Acocks’ is responsible for a drawing awareness to the need for that shift.
He published his landmark Veld Types of South Africa in 1953 but his active campaign against continuous grazing and the Department of Agriculture’s recommended, low-intensity rotational, 3-4 camp grazing systems occurred during the 1960s. He famously concluded that the Karoo was not necessarily overstocked, but rather “understocked and overgrazed”. Acocks specifically identified these grazing systems as highly destructive and the primary drivers of the land degradation.
The Health of the Veld Is Written on Its Surface
He advocated for a pioneering Non-Selective Grazing approach. His development of non‑selective grazing is central to the development of regenerative grazing management. It was not simply a technical adjustment; it was a paradigm shift.

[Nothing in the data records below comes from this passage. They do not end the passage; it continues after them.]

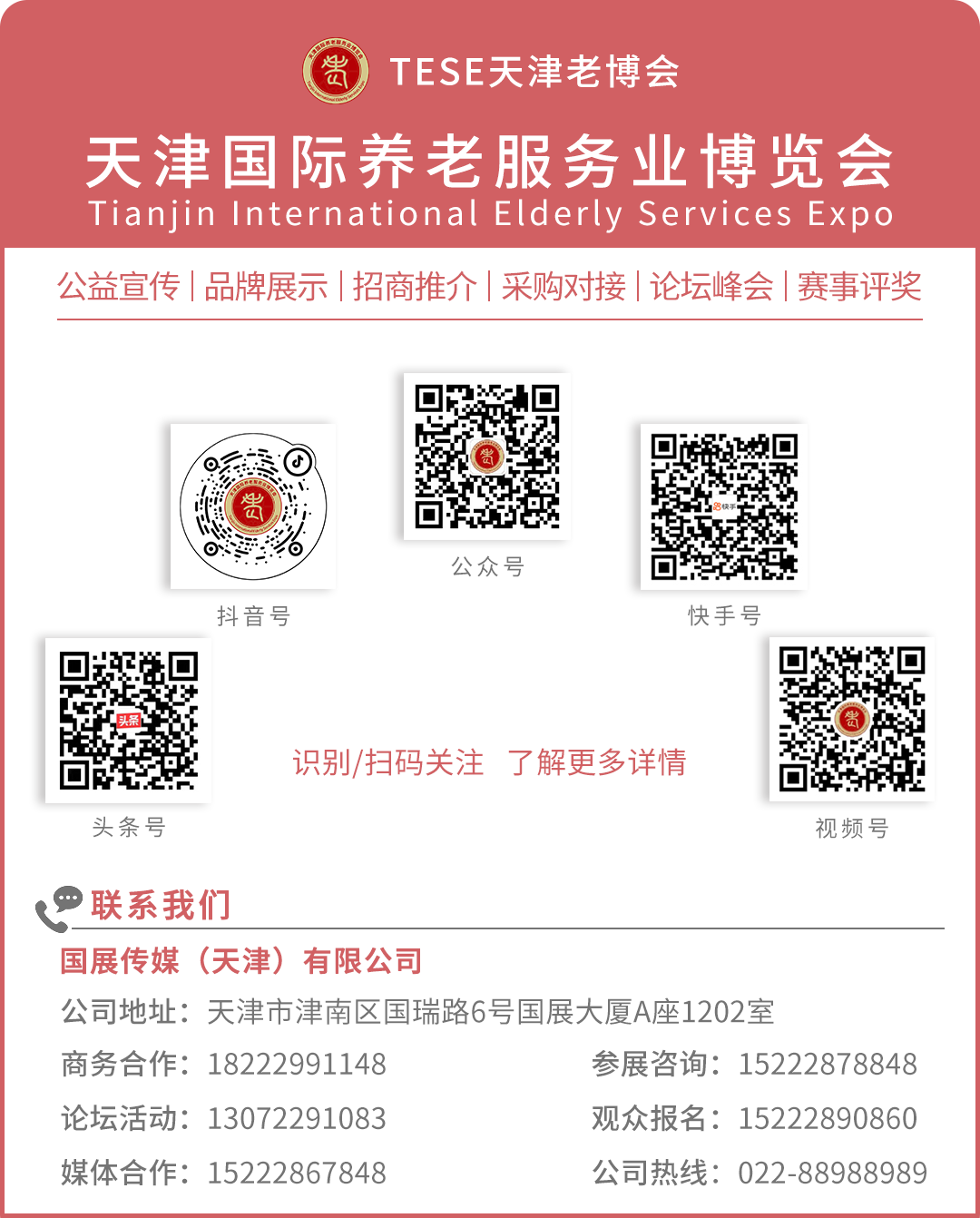 中国老年保健协会、天津市老龄产业协会、天津市老年俱乐部、天津市社区养老服务业协会、国展传媒(天津)有限公司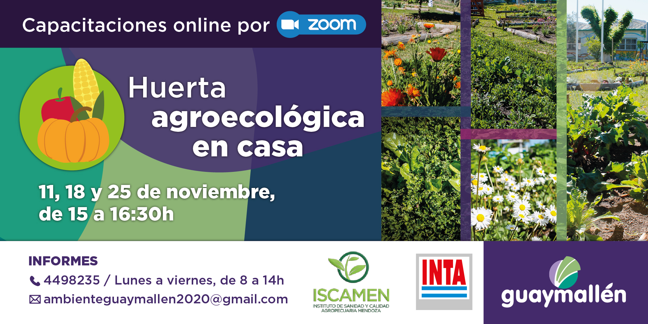 El municipio invita a participar del segundo encuentro de «Huerta agroecológica en casa», que se realizará este miércoles 11 de noviembre, de 15 a 16:30, a través de la plataforma digital Zoom. Ese día se abordarán temáticas referidas a siembra y trasplante, cuidados y mantenimiento de la huerta y la cosecha. Los contenidos estarán a cargo de técnicos del Instituto Nacional de Tecnología Agropecuaria (INTA); del Instituto de Sanidad y Calidad Agropecuaria de Mendoza (ISCAMEN), de la promotora de Pro-Huerta, Ana María Scollo; y personal de la comuna.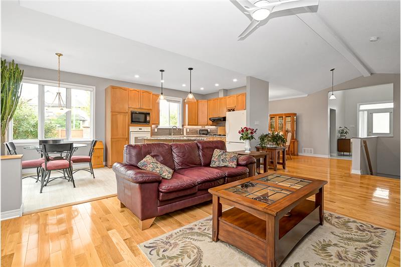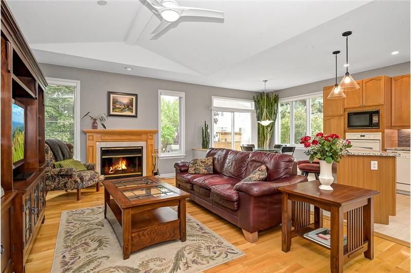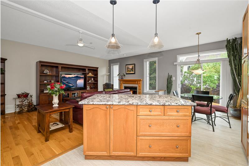 Charming 2-bed + den bungalow on a premium corner lot in Stittsville. Open layout, granite kitchen, wood fireplace, steps from nature trails. Ideal low-maintenance retreat for downsizers.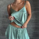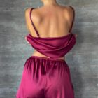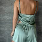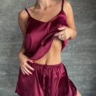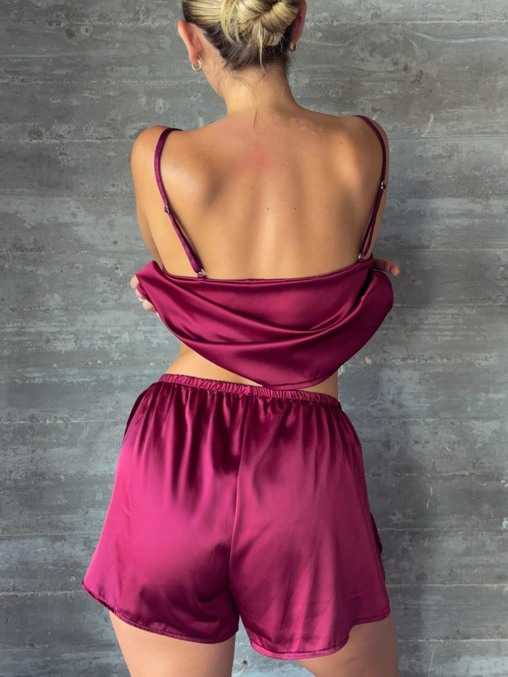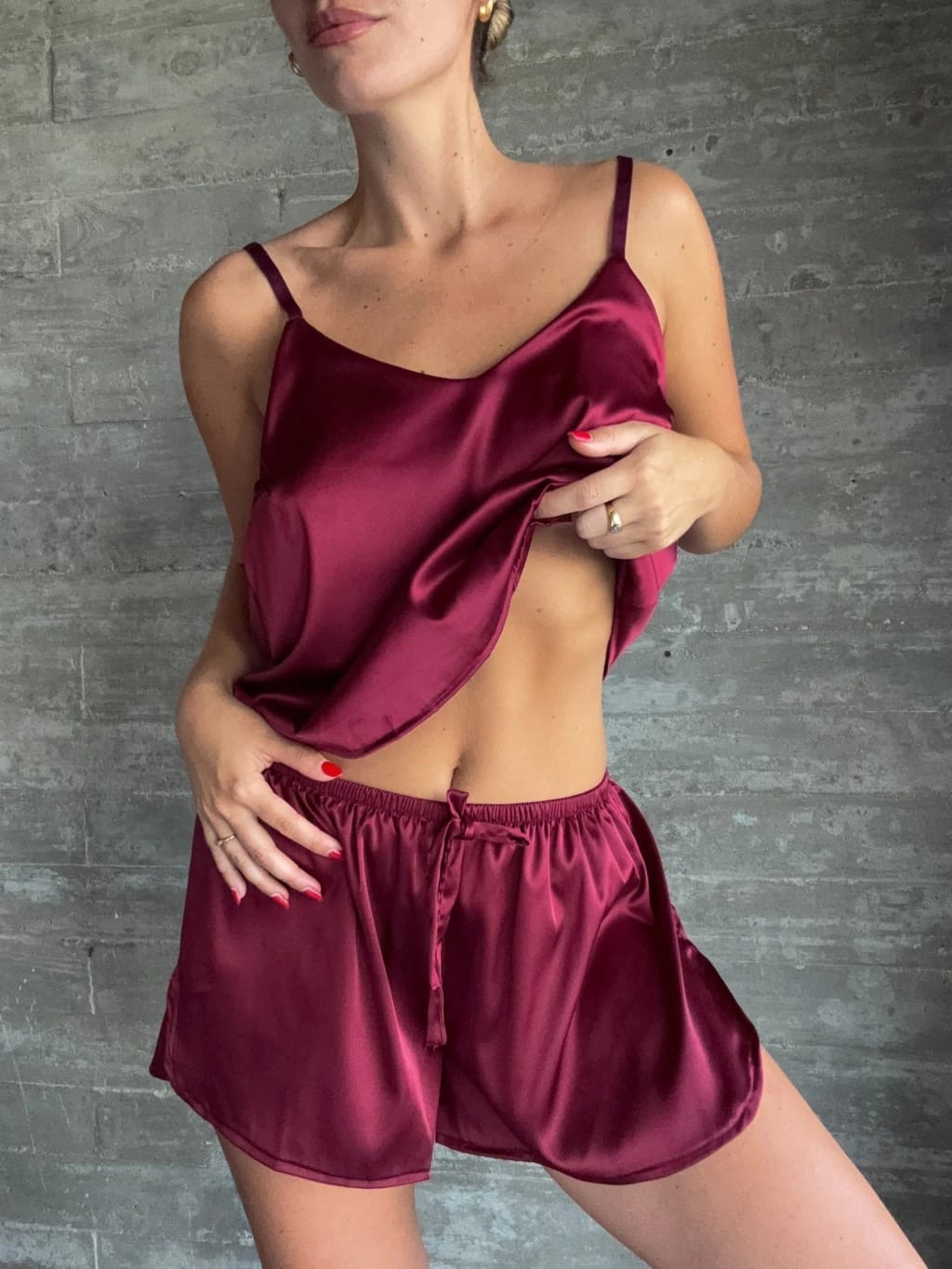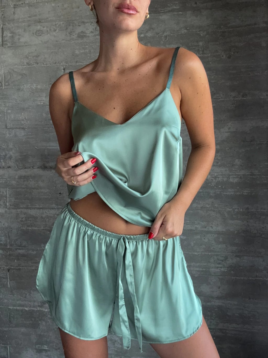 Pijamita de sedita. Top escove V, con forro y breteles elásticos regulables + Short con tajos cruzado en piernas y tiras para atar.
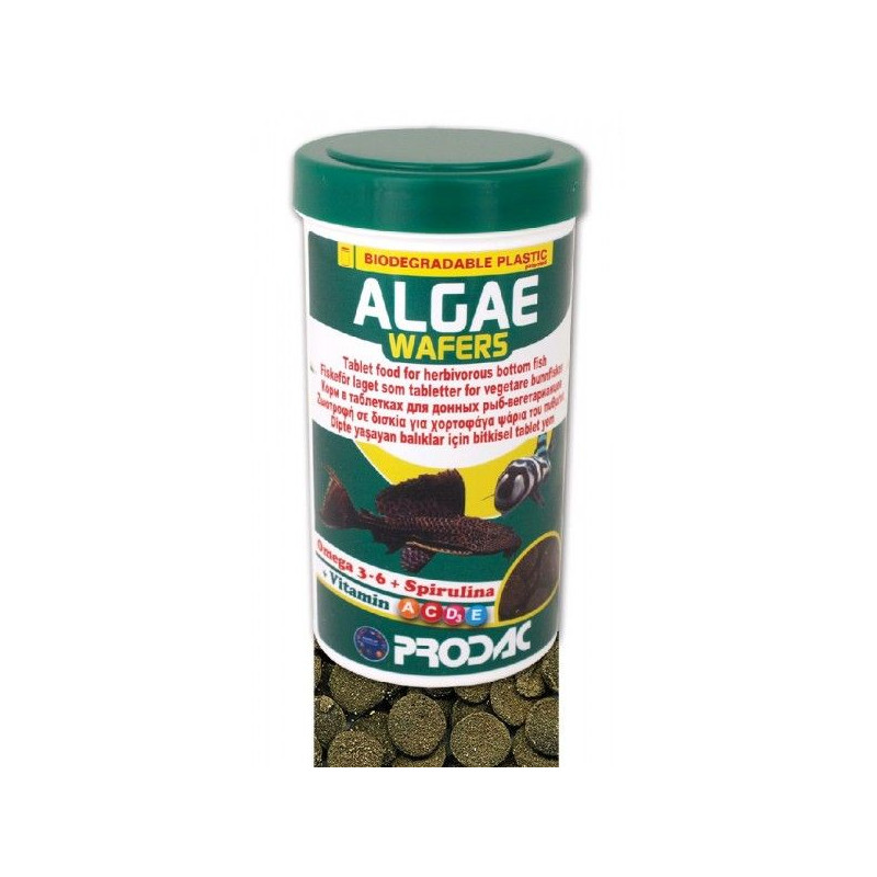 Kvalitní krmivo pro ancistrusy Prodac Algae Wafers 250 ml jsou rostlinné tablety obsahující řasu a vitamíny. Výhodou je, že nekalí vodu a podporují zdraví vašich ryb. Krmení pro býložravé ryby, které hledají jídlo u dna.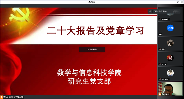 为深入学习宣传贯彻党的二十大精神,金年会jinnianhuicom党委按照疫情防控要求,组织各支部召开线上党员大会,认真学习研读了党的二十大报告与《中国共产党章程》。对标对表《中共中央关于认真学习宣传贯彻党的二十大精神的决定》,按照上级党委要求,紧密结合实际,在全面学习、全面把握、全面落实上下功夫,不折不扣把党的二十大精神落到实处。本次学习教育活动成效显著,党员们收获良多。

As a botanist his ‘outsider’ perspective allowed him to see what many others overlooked: that veld degradation was not inevitable and that the health of the veld is “written first on its skin.” By focusing on the condition of the soil surface he revealed how the veld degradation could be slowed or reversed.
Futurist Joel Barker’s insight (The New Business of Paradigms) that change comes from the edge finds vivid expression in Acocks’ work, where a botanist rather than a farmer stood at the edge of conventional farming practice, questioning the entrenched dogma of selective grazing. He revealed how managing the condition of the soil surface dramatically increases the effectiveness of rainfall for veld production. This is where the multiplier effect begins.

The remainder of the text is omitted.